The funny thing is that, according to University of Georgia law professor Kent Barnett, who scrutinized the in-house judge Appointments Clause question in his article Resolving the ALJ Quandary for the Vanderbilt Law Review, the SEC may be overestimating its problem – and teeing up a solution that won’t work. In an interview Wednesday, Barnett said he strongly doubts any defendant in an already concluded SEC administrative proceeding will be able to reopen the case, even if the ALJ hiring process turns out to be flawed. “When it’s done, it’s done,” he said. “I’m just not that worried about retroactivity. I look at the SEC and say, ‘Why are you doing all this?'”

Barnett said he is skeptical of any argument that constitutional deficiencies in administrative proceedings can be cured by the commissioners’ de novo review. The U.S. Supreme Court considered and rejected a similar contention in 1995’s Ryder v. United States, when the justices found Appointments Clause flaws in the process by which the military named civilian judges to the Coast Guard’s Court of Military Appeals.

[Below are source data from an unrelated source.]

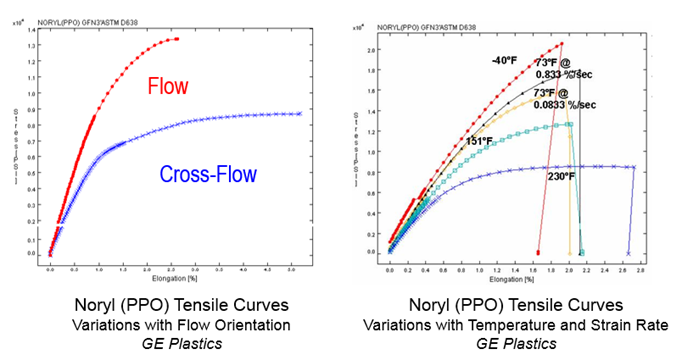 These curves below for Noryl, a GE Plastics PPO, were measured using ASTM D638, the standard tensile test for plastics. The curve on the left shows how the stress-strain relationship in plastics can vary with injection molding flow direction. The curves on the right show how the same material can have differing stress-strain responses at different strain, or loading, rates and temperatures.
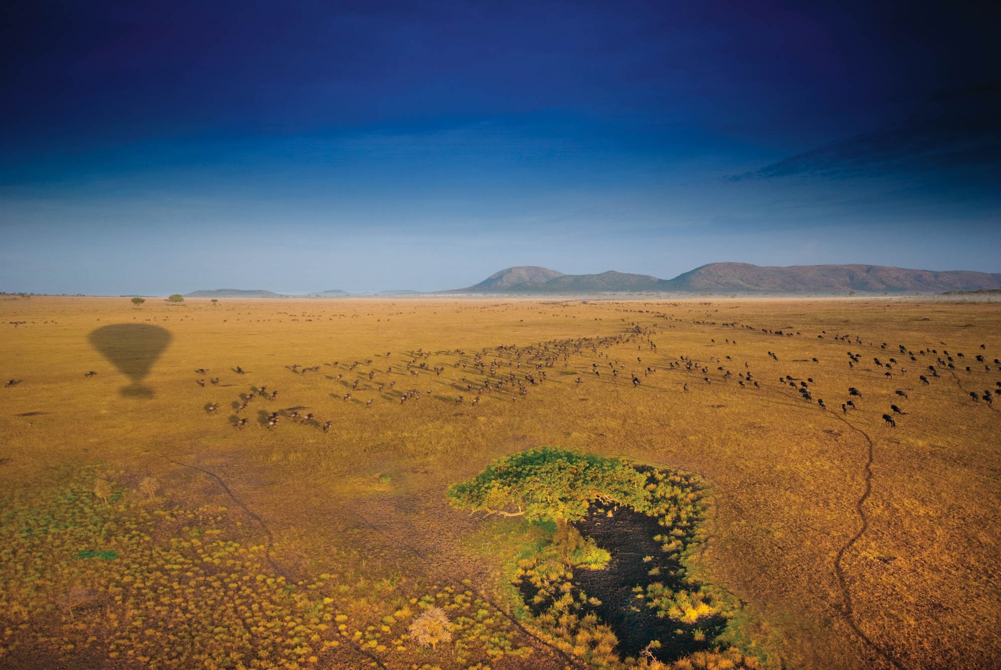 Floating effortlessly above the magnificent vista in the early morning gives an inkling of the magnitude and beauty of the Serengeti. wildebeest herds scattered below, painting long shadows in the light, confirming why this natural wonder needs preservation.
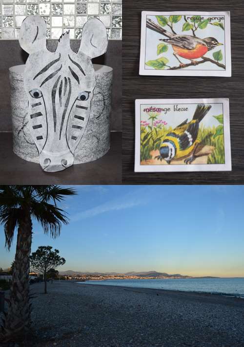 C'est pas le lion, mais le zèbre ! Car cette année, le thème de l'école étant les animaux et ceux de la savane pour notre classe plus particulièrement, j'avais le choix entre girafe ou zèbre pour fabriquer ma couronne des rois. Je l'ai portée hier à la fête des rois et des reines de l'école : nous avions tous préparé des galettes (2 par classe) le matin et l'après-midi nous les avons dégustées tous ensemble lors d'une grande fête où nous avons défilé et dansé avec nos œuvres sur la tête. C'était vraiment chouette ! A part ça, j'ai obtenu vendredi dernier mon deuxième « bon point » ! J'en suis donc à deux images, plus qu'une avant la surprise... Et pour cela, il va falloir obtenir un bonhomme vert à chaque fin des trois prochaines semaines. Sinon lundi dernier, j’avais manqué l'école car j'étais malade et finalement ça « tombait bien » parce que ma maîtresse était aussi absente et non remplacée. Le lendemain, le docteur nous apprenait qu'il s'agissait d'une laryngite (qui peine à partir car même après mon traitement, je me la traîne encore... Aurais-je chopé un autre truc là-dessus...?), encore une... Cette visite nous a permis de voir avec lui pour cette histoire de pieds plats (je sais pas si vous vous rappelez mais il avait remarqué ce petit défaut il y a quelque temps et nous avait dit de lui en reparler après mes 4 ans et demi) et c'est super car ça s'est atténué et je n'ai donc pas besoin de semelles pour l’instant. Et puis, on en a profité pour me mesurer et me peser et mes nouvelles mensurations sont donc : 110 cm et 21 kg. Enfin dernière chose, on était à Vence samedi dernier chez Taty Émilie et Tonton La iath, avec Mamy (qui est d'ailleurs restée là-bas pour une dizaine de jours). On a fêté l'anniversaire de Lana et je me suis ensuite bien amusé avec Soan lors d'une balade au bord de mer. J'ai même fait une crise en repartant tellement je voulais plus rentrer !!! |
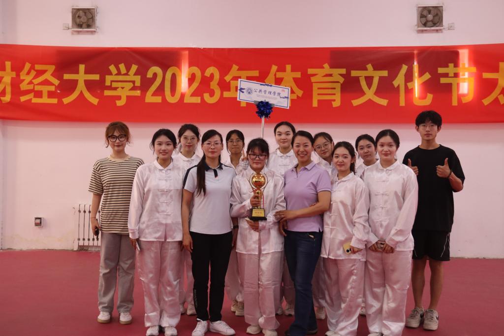 比赛开始,各学院按抽签顺序依次上场,公共管理学院代表队作为第三个队伍上场。队员们按照3×3的队列上场,面向评委席中间,以特殊队形散开,站定,向观众和评委敬礼。随着音乐响起,队员们入境放松,展示了急缓相间,行云流水的太极拳术,意、气、形、神逐渐融为一体,可谓“妙手一运一太极,太极一运化乌有”。经过评委打分,学院获得团体“第四名”的好成绩,孙欣宜获“最佳个人奖”。

Meanwhile, Barnett said, litigation against defendants in administrative proceedings may open the SEC and other agencies up to discovery demands for information they would rather not share. The 7th Circuit’s recent holding that it did not have jurisdiction over a constitutional challenge by SEC administrative proceeding defendant Laurie Bebo, Barnett said, suggested that in-house judges have to permit discovery on their hiring and tenure protection systems. “Agencies probably don’t want that out there,” Barnett said.

I emailed SEC spokesman John Nester to ask about the FTC ratifying its in-house judge in the LabMD case but didn’t hear back.